JNCC led a 3-year international marine habitat mapping programme entitled 'Development of a framework for Mapping European Seabed Habitats', or MESH for short, which started in spring 2004. A consortium of 12 partners across the UK, Ireland, the Netherlands, Belgium and France gained financial support from the EU INTERREG IIIB fund for this international marine habitat mapping programme.
 
A Review of Marine Nature Conservation (RMNC) was established in 1999, by Defra, to examine how effectively the UK system for protecting nature conservation in the marine environment is working and make proposals for improvements.  The final report was submitted to Ministers. As a contribution to the RMNC a pilot scheme was undertaken in the Irish Sea  to test the potential for an ecosystem approach to managing the marine environment at a regional sea scale.
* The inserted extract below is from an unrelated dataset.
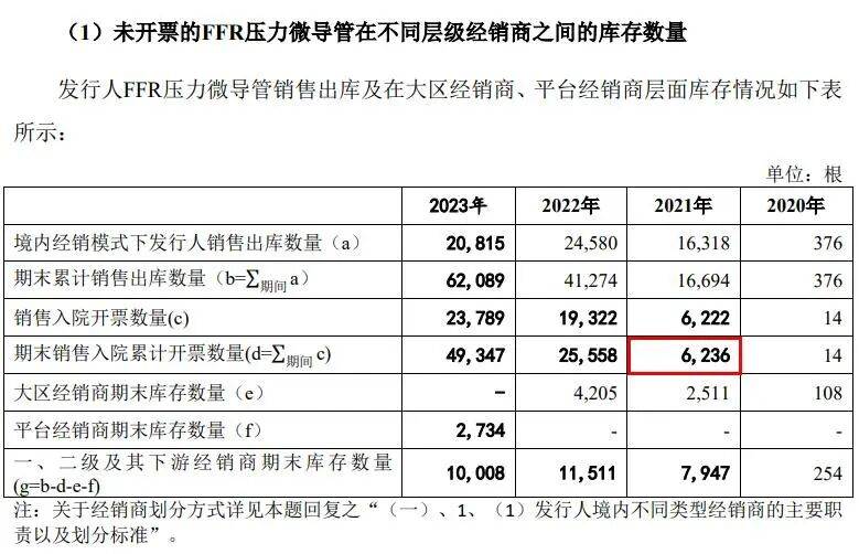 (截图来自科创板IPO第一版招股书申报稿) 上述数据的收集均提到了第三方市场调研机构弗若斯特沙利文,根据其官网介绍,弗若斯特沙利文是一家全球增长咨询公司,1961年成立于华尔街,1998年进入中国。公司利用数据库和专家库、运用专业知识和咨询工具,帮助客户加速成长步伐,助力客户在行业内取得增长、科创、领先的标杆地位,实现融资及上市等资本运作目标。近10年来,弗若斯特沙利文蝉联中国企业赴香港及境外上市行业研究顾问市场份额领导地位;且近年来,弗若斯特沙利文报告也被广泛引用于业内A股、科创板等上市公司的招股文件、一级和二级市场研究报告及其他资本市场公示文件中。 去年小杨哥带货美诚月饼翻车的事件闹得满城风雨,其中由弗若斯特沙利文颁发的“市场地位确认证书”就受到了广泛质疑。 核心产品销售价格异常,部分收入确认节点存疑 从此次IPO的申报材料来看,北芯生命针对FFR系统产品的信披存在多处疑点,其一是关于FFR主机的销售价格问题。 根据第一版招股书申报稿,2020年北芯生命的主营业务收入为158.76万元,其中FFR主机的收入金额为18.90万元,当期销售数量为14台。根据第一版首轮问询回复,2020年,北芯生命向大区经销商江苏大群医疗器械有限公司销售FFR主机10台,单价为1.86万元/台,合计金额为18.58万元。由此来看,那剩余4台FFR主机的合计销售金额仅为0.32万元。 但是从报告期内FFR主机销售情况来看,北芯生命销售给上海依舟贸易有限公司、广东海王医药集团有限公司等多个大区经销商的单价是没有差异的,均为1.86万元/台。 根据北芯生命的销售策略,其为促进产品的学术推广及宣传,提供限量的设备免费供终端客户试用。当样机转销售时,样机由固定资产转入存货,并确认收入及结转成本。但2020年,北芯生命也不存在FFR主机试用转销售的情况。这4台FFR主机的销售为何出现销售价格异常?销售对象又是谁呢? 其二,北芯生命对部分客户销售产品的确认收入节点异于常规。 根据招股书,在境内经销模式下,北芯生命在经销商支付货款后安排发货,并于经销商签收时点确认收入。其中大区经销商隶属于境内销售模式。 据首轮问询回复,大区经销商安顺利和(北京)医疗科技有限公司(下称“安顺利和”)成立于2020年6月,在公司成立当年,北芯生命未向其销售FFR压力微导管。但安顺利和2020年FFR压力微导管的进销存数据显示,入库数量为30根,出库20根,存货10根。 2021年,北芯生命向安顺利和销售FFR压力微导管2,143根。同期,安顺利和入库量为2,974根,比采购数量多出831根。也就说,安顺利和先收到货、确认入库,而北芯生命则在当年未对这831根FFR压力微导管确认收入。 再对照2022年和2023年1-6月,安顺利和确认的FFR压力微导管入库数量与北芯生命披露的销售数量则一一对应,分别为是731根、100根。 安顺利和的实控人是仲必文,仲必文曾于2021年10月前担任北芯生命的另一家大区经销商聚赢惠康(上海)科技服务有限公司(下称“聚赢惠康”)北京分公司的负责人。而且,2021年安顺利和还自聚赢惠康承接北芯生命华北大区的经销业务。但安顺利和与聚赢惠康不属于同一控制下的企业,且无关联关系。 从聚赢惠康的进销存数据来看,2020年,FFR压力微导管的入库数量和出库数量均为30根,北芯生命对其销售数量也为30根。2021年,聚赢惠康采购产品的入库数量和出库数量均为831根,北芯生命对其销售数量也为831根。 此外,北芯生命还存在一个明显的信披错误。 因更新年报财务数据,北芯生命公示了第二版首轮问询回复。该文件中,北芯生命将FFR压力微导管2021年和2022年的期末销售入院累计开票数量从原来的5,931根、23,914根调整为6,236根、25,558根。而第二版首轮问询回复的其他部分,2021年期末销售入院累计开票数量又出现第二个数据版本6,346根。

The Irish Sea pilot project, led by JNCC commenced in 2002 and included the development of a broadscale ecological map of seabed and water column features-'marine landscape' maps. 
 
This approach to broadscale mapping, has being extended in the UKSeaMap 2006 project to cover the rest of the UK continental shelf.
 
Sonar Scan image © JNCC/English Nature With increasing pressure being put on our coastal and offshore marine environment through industry and leisure activities, new methods and technologies are required to allow rapid site evaluation and appraisal. Such technologies already in use include Acoustic Ground Discrimination Systems(AGDS), Multi-beam and Side-Scan sonar. JNCC has produced a Marine Monitoring Handbook that holds procedural guidelines to many of these techniques and technologies. Further work is underway within MESH on protocols and standards for habitat mapping.
 
In addition, JNCC contributes to International Council for the Exploration of the Sea (ICES) work on marine habitat mapping through the ICES Working Group on Marine Habitat Mapping (WGMHM). JNCC's David Connor has been chair of the ICES WGMHM since 2003. JNCC also provides advice to the UK conservation agencies (CCW, EHS, SNH, Natural England (formally English Nature)), Government bodies and others on various mapping techniques and technologies.